Birda (Hungarian and German: Birda) is a commune in Timiș County, Romania. It is composed of four villages: Berecuța, Birda (commune seat), Mânăstire and Sângeorge.

Geography 
Birda is located in the southeastern part of Timiș County, bordering the town of Gătaia and the communes of Tormac, Voiteg, Opatița and Denta.

Climate 
The climate is temperate continental, having an intermediate character between the continental, Mediterranean and oceanic climates. Winters are relatively mild, summers are long and hot, springs and autumns are short. The average annual temperature is 10.6 °C, and the average annual rainfall is 600–700 mm, ensuring very good conditions for plant cultivation and animal husbandry.

History 
The first recorded mention of Birda dates from 1690, from Marsigli's notes. It is probably much older and inhabited during the Turkish occupation. By 1717 Birda is recorded in the Habsburg imperial documents with 80 houses; Berecuța with 28 houses; and Sângeorge with 30 houses. After 1779, it belonged to Temes County, Plasa Deta, with a post office and later a train station. In 1828, the Aerarium sold Birda to the Termacici family. By 1842 it is the property of Baron Lo Presti. In 1852 it came into the possession of Baron Ukermann's wife. Until the end of the 19th century, Birda was inhabited only by Romanians, but at that time, the great owners settled German and Hungarian families here to cultivate their estates.

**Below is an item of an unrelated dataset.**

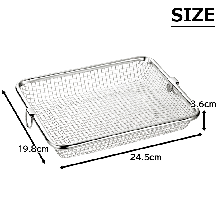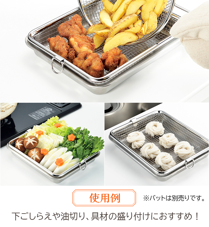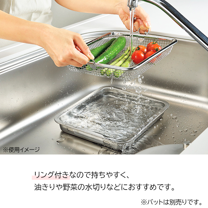 リング付きで油きりに便利。野菜の水切りなどにも使えます。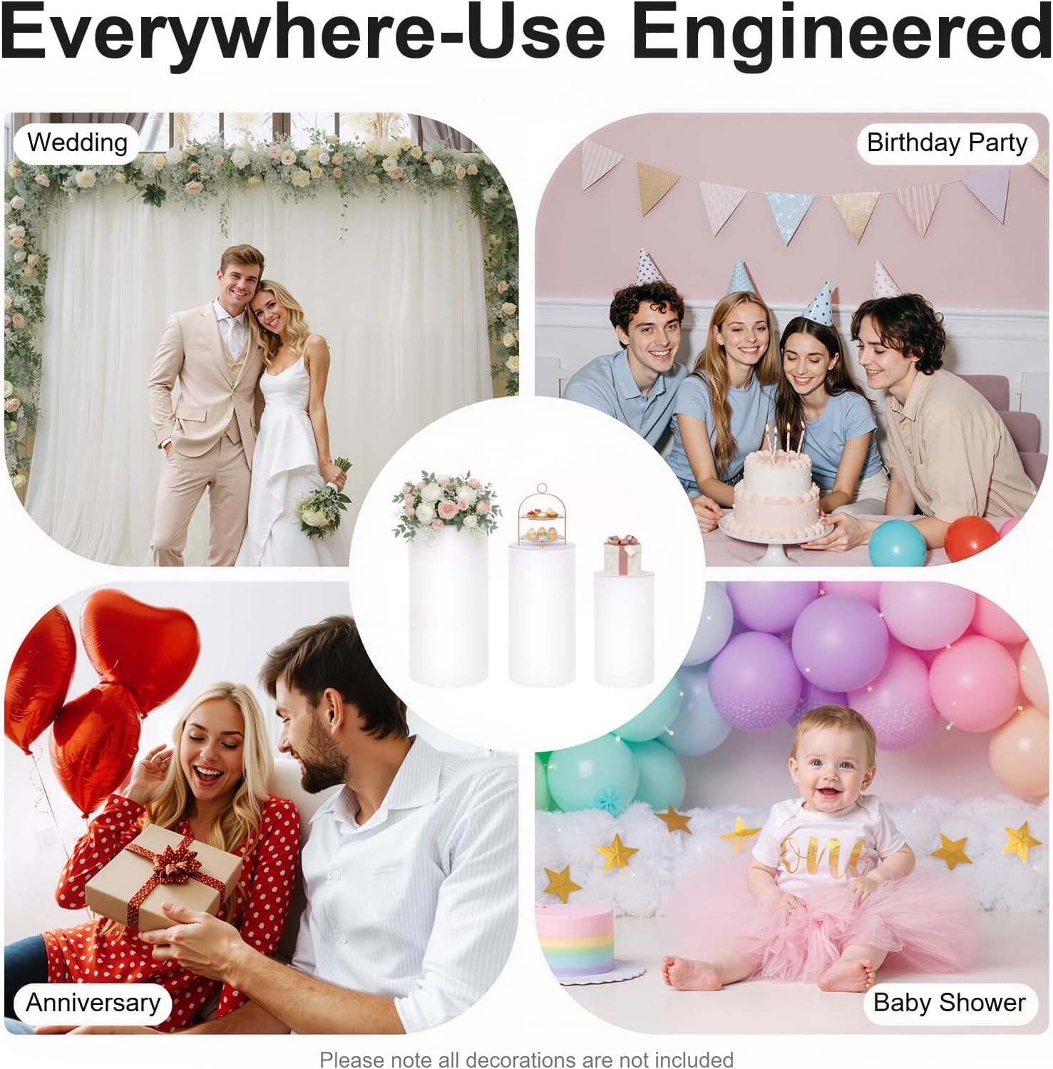 ApplicationIt can be used for weddings, birthday parties, Christmas parties, banquets, anniversary celebrations, school opening ceremonies, candy buffets, dessert tables, bachelor parties, store openings, graduation parties, and other special events.Specification Material: PVC(0.8mm/0.03in Thick Barrel Body; 5mm/0.2in Thick Lid), Acrylic (5mm/0.2in Thick Bottom Ring)Color: WhiteStyle: ModernAssembly Required: YesMounting Type: Free StandingNumber of Pieces: 3Load-bearing Capacity: 29kg/63.93 lbs(Large); 26kg/ 57.32 lbs(Middle); 22kg/48.5 lbs(Small)Product Size(D*H): 33*60cm/12.99*23.6in(Small); 36*75cm/14.17*29.5in(Middle); 40*90cm/15.75*35.4in(Large)Package Size: 94*15.5*55.5cm/37*6.1*21.85inGross Weight: 5.4kg/ 11.9lbsNet Weight: 4kg/8.81 lbsPackage Included3* Cylinder Pedestal Stands

The commune of Birda was established by Law 84/2004, separating from the town of Gătaia.

Demographics 

Birda had a population of 1,846 inhabitants at the 2011 census, down 5% from the 2002 census. Most inhabitants are Romanians (86.62%), larger minorities being represented by Serbs (3.47%), Ukrainians (1.52%) and Hungarians (1.14%). For 5.36% of the population, ethnicity is unknown. By religion, most inhabitants are Orthodox (85.1%), but there are also minorities of Pentecostals (3.74%), Serbian Orthodox (2.65%) and Roman Catholics (1.46%). For 5.31% of the population, religious affiliation is unknown.